Действие романа происходит будто бы в только что миновавшем веке, и герои его почти современники нам. Но это только на первый поверхностный взгляд. Действие романа происходит в ВЕТХОМ ЗАВЕТЕ, и автор много раз подчеркивает это. Само повествование идёт как бы спиной к НОВОМУ ЗАВЕТУ, а все окна и двери ветхого строения романа плотно законопачены, так, чтобы никто из внутри присутствующих не увидел ни блика, ни отсвета, ни луча новозаветных. Никакой надежды, никакой радости, никакой любви не может быть в этом обессмысленном мире, где «на вход» работает универсальная для всех дыра ( «…и бессмертие, и вечность, и свобода – всё было связано с этой дырой, в которую всё проваливалось, включая и Маркса… и Фрейда, и сам он, старый доктор, который принимал и принимал в свои руки сотни, тысячи, нескончаемый поток мокрых, орущих существ…»), а «на выход» – чудовище смерти. Знаковый эпиграф подобрала писательница к роману: «Истина лежит на стороне смерти», изречение сие принадлежит Симоне Вайль.
Не только душно, но и страшно, потому что навеки смертно жить в мире, где единственный смысл пытаются отыскать в «нескончаемом потоке» тех самых младенцев, которым уготованы вырождение, скорби, смерть. Если глядеть из русской литературной традиции, построенной в координатах Православия, то ясно видно, что радость-то есть и жизнь оправдана и прекрасна навсегда, но это верно только в присутствии Богомладенца. А если подмена? К тому же – очередная, неловкая, самодельная, то и света никакого нет, серость, уныние, пустота.
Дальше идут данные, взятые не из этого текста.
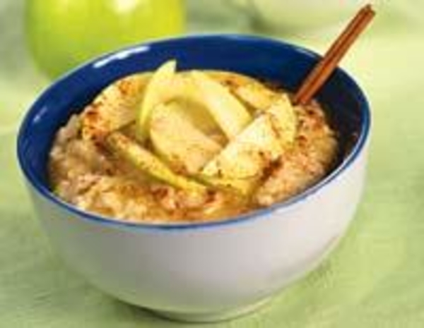 2. Яблоки вымыть, очистить от кожуры и нарезать тонкими ломтиками. Добавить в горячую кашу яблоки, корицу и сливки. Быстро перемешать и подать к столу.

Судите сами: «… Павел Алексеевич берёт младенца в руки, и поворачивает его к Елене лицом… И в этом младенце сходится вся радость мира, и свет, и смысл. Как будто посреди солнечного дня взошло еще одно солнце… младенец этот принадлежит им всем, а они – ему…»
А окружают этого самого обыкновенного ребёнка, младенца с маленькой буквы – все-все-все, всё человечество: предки и родственники супружеской пары Кукоцких, «тверская Томочкина родня, бородатые евреи с Торой во лбу, и какие-то вовсе незнакомые… их делается всё больше…»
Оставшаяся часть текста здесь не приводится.